TENGGARONG – Pemerintah Kabupaten (Pemkab) Kutai Kartanegara (Kukar) bergerak cepat untuk menuntaskan tunggakan utang kepada pihak ketiga. Setelah melakukan konsultasi intensif, Bupati Kukar, Aulia Rahman Basri, mengonfirmasi bahwa pihak Kementerian Dalam Negeri (Kemendagri) telah memberikan persetujuan terkait skema pinjaman daerah.
Kepastian ini didapat setelah bupati bersama tim bertolak ke Jakarta untuk menemui Dirjen Bina Keuangan Daerah pada pekan lalu.

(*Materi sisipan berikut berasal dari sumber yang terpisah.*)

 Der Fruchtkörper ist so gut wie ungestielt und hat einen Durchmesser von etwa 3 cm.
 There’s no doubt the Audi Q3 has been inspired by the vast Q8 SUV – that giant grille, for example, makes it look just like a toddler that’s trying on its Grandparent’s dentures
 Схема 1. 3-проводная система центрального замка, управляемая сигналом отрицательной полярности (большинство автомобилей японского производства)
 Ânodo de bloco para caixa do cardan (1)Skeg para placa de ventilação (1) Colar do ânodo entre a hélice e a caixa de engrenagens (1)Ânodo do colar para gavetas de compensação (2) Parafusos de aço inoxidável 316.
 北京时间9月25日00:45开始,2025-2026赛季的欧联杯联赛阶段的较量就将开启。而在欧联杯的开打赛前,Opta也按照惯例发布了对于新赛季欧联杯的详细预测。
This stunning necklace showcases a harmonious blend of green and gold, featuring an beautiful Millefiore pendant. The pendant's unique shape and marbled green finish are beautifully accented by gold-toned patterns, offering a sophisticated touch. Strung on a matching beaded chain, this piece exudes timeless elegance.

“Kemarin kami bertemu dengan Dirjen Bina Keuangan Daerah di Kemendagri untuk meminta persetujuan terkait pinjaman dengan Bankaltimtara. Tujuannya untuk melunasi utang kepada pihak ketiga, dan Alhamdulillah Dirjen sudah menyetujui langkah tersebut,” ujar Aulia Rahman Basri, Selasa (17/2/2026).
Bupati Aulia menegaskan komitmen pelunasan ini sudah didasari oleh prosedur yang matang. Proses review dari Inspektorat telah rampung, begitu pula dengan administrasi pengakuan utang yang sudah diselesaikan.

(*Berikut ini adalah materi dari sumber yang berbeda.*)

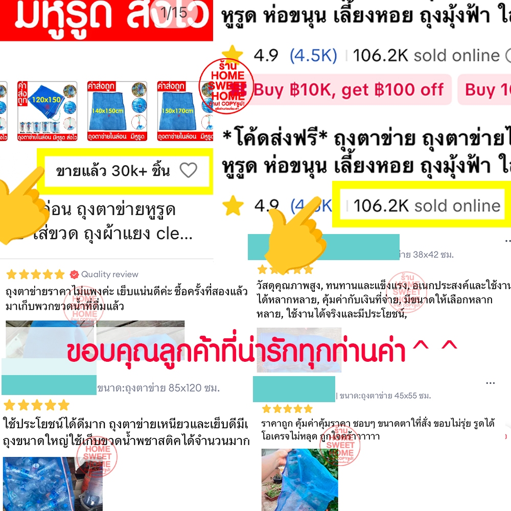 ถุงตาข่าย ถุงตาข่ายไนล่อน ถุงตาข่ายหูรูด ห่อขนุน เลี้ยงหอย ถุงมุ้งฟ้า ใส่ปลา ใส่กบ ใส่ขวด ถุงผ้าแยง clearance
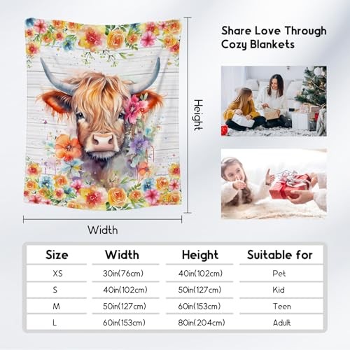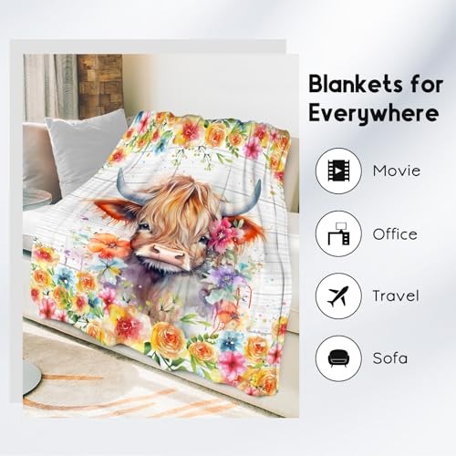 Highland Cow Blanket, Cozy Soft Throw Gifts for Girls, Cute 40x50 Style
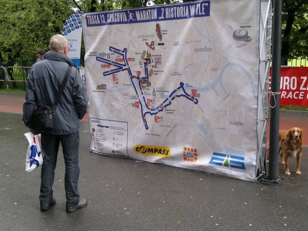 Auf dem in der moderaten Startgebühr enthaltenen Funktionsshirt ist natürlich auch ein Drache abgebildet, außerdem ein Zitat von Johannes Paul II: „Musicie od siebie wymagać, nawet gdyby inni od was nie wymagali“. Ich dachte, der sportliche Papst hätte etwas zum Marathon gesagt. Die automatischen Übersetzungen im Internet lassen das allerdings nicht vermuten. Vielleicht findet sich ein Leser, der dieses Zitat übersetzen kann. Das ist ein gewisses Manko des Marathons: Die fast  nur in Polnisch verfügbaren Informationen. Lediglich die wichtigsten Infos gibt es im Internet auf Englisch und die Starterbroschüre ist zweisprachig gehalten, alles Weitere, auch der Newsletter, ist komplett polnisch. Ach ja, im Preis wäre auch ein Gesundheitscheck inklusive EKG von der medizinischen Fakultät enthalten gewesen.
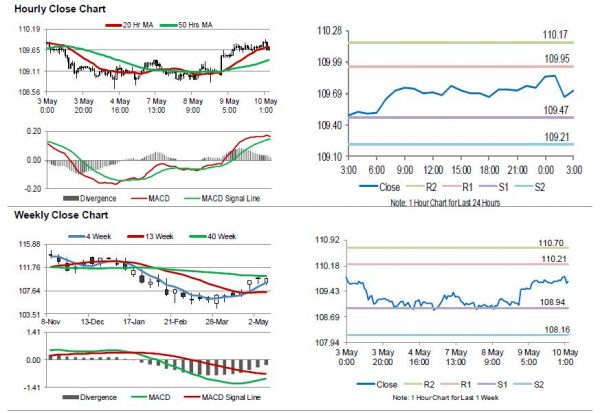 In the Asian session, at GMT0300, the pair is trading at 109.72, with the USD trading slightly lower against the USD from yesterday’s close.
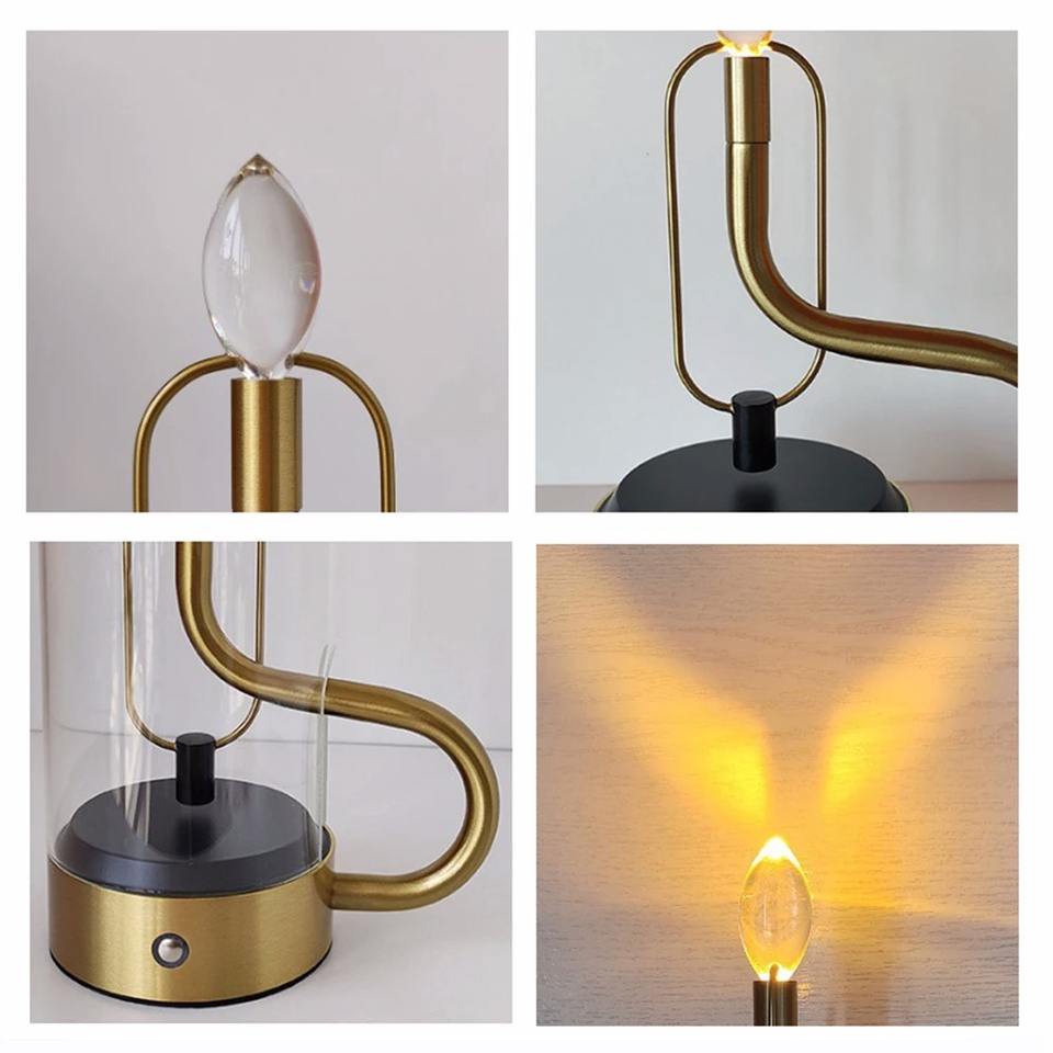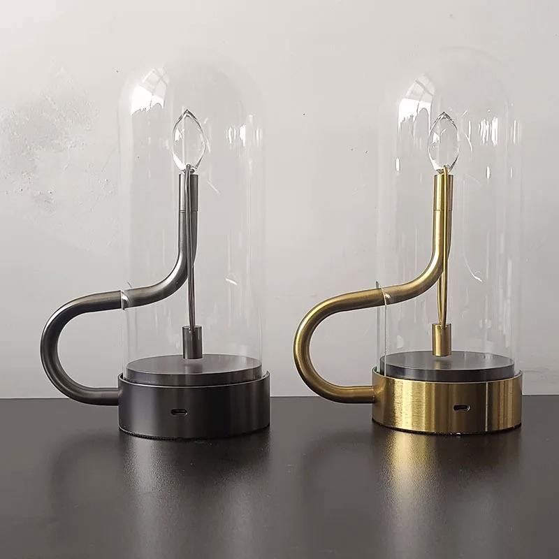 Lampe de table LED design en forme de goutte d'eau avec effet flamme de bougie, rechargeable, suspendue, décorative en verre pour chambre à coucher

“Insyaallah prosesnya segera kita lakukan. Kami berharap sebelum lebaran semua sudah bisa diselesaikan. Kami juga sudah berkomitmen dengan BPK agar penyelesaian ini tepat waktu,” jelas Bupati.
Senada dengan bupati, Sekretaris Daerah (Sekda) Kukar, Sunggono, menambahkan saat ini Pemkab Kukar fokus pada percepatan realisasi pinjaman dari Bankaltimtara. Langkah ini krusial untuk menjaga stabilitas arus kas daerah dan kepercayaan mitra kerja pemerintah.
“Target kami mudah-mudahan sebelum berakhirnya bulan Maret sudah bisa terealisasi. Paling lambat bulan April,” ucap Sunggono, Selasa (17/2/2026).
Sowan ke Jakarta demi Cari Solusi
Sebelumnya, pada Kamis (12/2/2026), jajaran Pemkab Kukar yang dipimpin langsung oleh Bupati Aulia dan Kepala BPKAD, Sukotjo telah melakukan konsultasi ke Jakarta. Fokus pertemuan tersebut adalah memastikan bahwa skema pinjaman ke perbankan sebagai solusi pelunasan utang dan penanganan defisit APBD 2026 tidak bertentangan dengan peraturan perundang-undangan yang berlaku.
“Langkah ini dilakukan agar kebijakan yang dirumuskan tetap berada dalam koridor hukum yang ada,” tegas Bupati Aulia.
Adanya restu dari Kemendagri, Pemkab Kukar optimis kewajiban kepada pihak ketiga dapat segera terbayarkan dalam waktu dekat, sekaligus memperbaiki struktur keuangan daerah di tahun 2026.